The maximum brightness of a monitor for photographers(!) is not really a criterion, as image editing should ideally be done (with appropriate room lighting) at a display brightness of 110-120 cd/m².

Yes for photos if you are going to print you need to turn down the display otherwise your prints come out too dark. Also a matte display tends to be better by avoiding reflections it's easier on the eyes.

The thing with sRGB vs Adobe RGB particularly for blues, you don't know what you are missing until you edit on an Adobe RGB monitor and convert to sRGB. The blues really are much nicer.

9 minutes ago, Chris Ross said:

The thing with sRGB vs Adobe RGB particularly for blues, you don't know what you are missing until you edit on an Adobe RGB monitor and convert to sRGB. The blues really are much nicer.

And converting it from Adobe RGB --> sRGB is a real pita, realising the nice blue color is almost completely gone.

59 minutes ago, waso said:

And converting it from Adobe RGB --> sRGB is a real pita, realising the nice blue color is almost completely gone.

The Web runs on sRGB and many print shops work only in sRGB. For my needs of online display and creating large format (30 inch) prints, sRGB is the best choice.

I personally don't see any need for an Adobe color space monitor or workflow.

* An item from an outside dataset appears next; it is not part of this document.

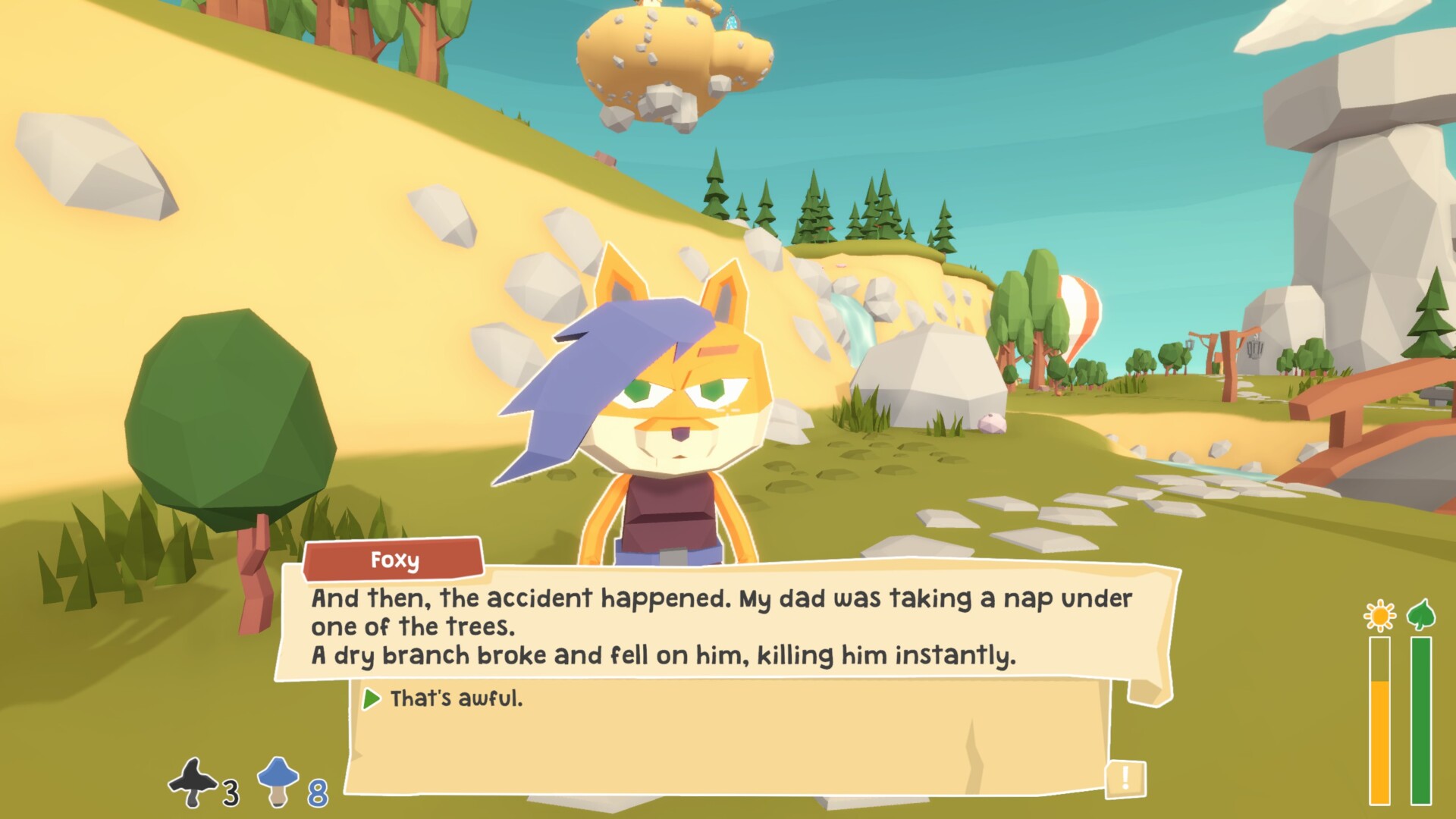 Honestly, this game is pretty funny. The dialogue and characters are irreverent and just kind of doofy in a way that had me guffawing. One of the characters is a lady bear with an anger problem. When you first meet her, she beats the crap out of you for no reason. Also, her name is Kimbearly. You’ll meet other characters, such as Foxy, a fox that used to be a secret agent, and Mr. C., a lizard that is definitely not named after the Twin Peaks character.

1 hour ago, Dave_Hicks said:

The Web runs on sRGB and many print shops work only in sRGB. For my needs of online display and creating large format (30 inch) prints, sRGB is the best choice.

I personally don't see any need for an Adobe color space monitor or workflow.

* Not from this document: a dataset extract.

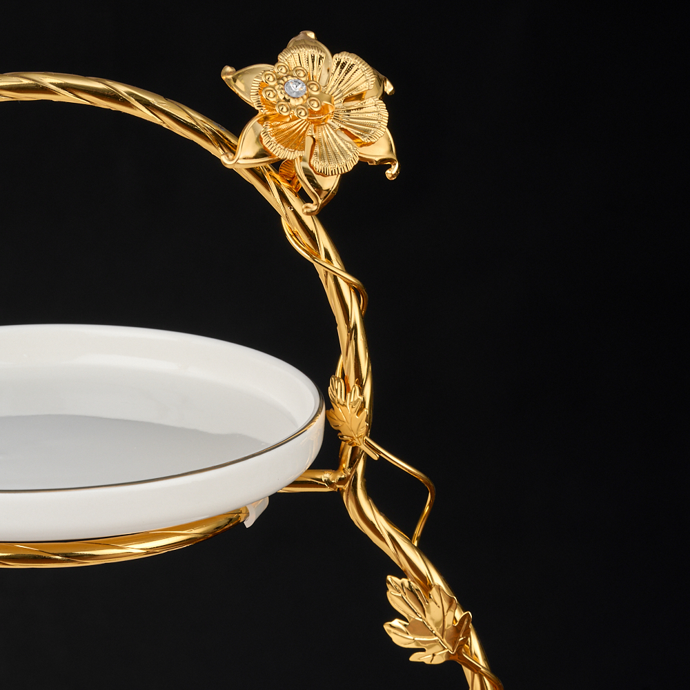 Блюдо этажерка, менажница для фруктов, ярусная конфетница с Мишкой. Стильная и элегантная ярусная ваза со стразами для фруктов - идеальное решение для сервировки фруктов и сладостей на вашем столе. Золотая красавица настоящая королева в мире тарелок и блюд. Впечатляющая фруктница с ножкой создает ощущение легкости и изящества. Фруктовница золотая состоит из двух тарелок , которые легко могут вместить большое количество фруктов или конфет. Металлическая подставка с золотым покрытием 24K Gold Color Plated не только обеспечивает прочность и надежность конструкции, но и придает фруктовнице изысканный и стильный вид. Вазы для фруктов изготовлены из прочного закаленного стекла. Высокое качество материалов гарантирует долгую службу и легкую чистку. Данная фруктовница не только прекрасно подойдет для сервировки фруктов, но и может использоваться как менажница, либо корзина для сервировки конфет, печенья, выпечки, тарелка, а также блюдо для нарезки. Имея роскошный и современный дизайн, эта корзина станет изюминкой декора внутреннего пространства гостиной, зала или кухни-столовой. Эта ярусная фруктовница - идеальный выбор для тех, кто ищет стильную и функциональную блюдо этажерку. Фруктовница надежно упакована в подарочную коробку и дополнительный слой защитной пленки, что делает ее идеальным подарком для родных и близких, мамы, сестры, бабушки, коллеги, тети и других женщин в вашей жизни. Фруктовница не только функциональна, но и является настоящим произведением искусства. Каждый элемент был создан с максимальной тщательностью и вниманием к деталям. Преобразите свой стол в истинное произведение искусства с этой роскошной фруктовницей. Размер менажницы 27х27х21,5 см, высота подставки 4 см, диаметр подставки 9 см, диаметр нижней чаши 27 см, диаметр верхней чаши 21 см. Выбирайте и другие товары нашего ассортимента, нажав на значок Стиль-Ампир справа от фотографии товара.

What happens now is most browsers assume the image is sRGB if it's not tagged, but if tagged in Adobe RGB they will render it as such. I have a printer at home which is capable of printing Adobe RGB colours and specialised print shops will also take Adobe RGB images as they have printers that can reproduce those colours. Of course if have a monitor that is restricted to sRGB colours you can't see the benefit as the monitors cannot reproduce the colours, I can assure you the colour difference is real on blue tropical water.

3 minutes ago, Chris Ross said:

What happens now is most browsers assume the image is sRGB if it's not tagged, but if tagged in Adobe RGB they will render it as such. I have a printer at home which is capable of printing Adobe RGB colours and specialised print shops will also take Adobe RGB images as they have printers that can reproduce those colours. Of course if have a monitor that is restricted to sRGB colours you can't see the benefit as the monitors cannot reproduce the colours, I can assure you the colour difference is real on blue tropical water.

What is color? If 99% of PC and Phone users can only see sRGB, then i don't see the point. Why do i need to see colors that nobody else can?

Artists, film makers, publishers can deal with this for their needs. The rest of us manage to cope with sRGB.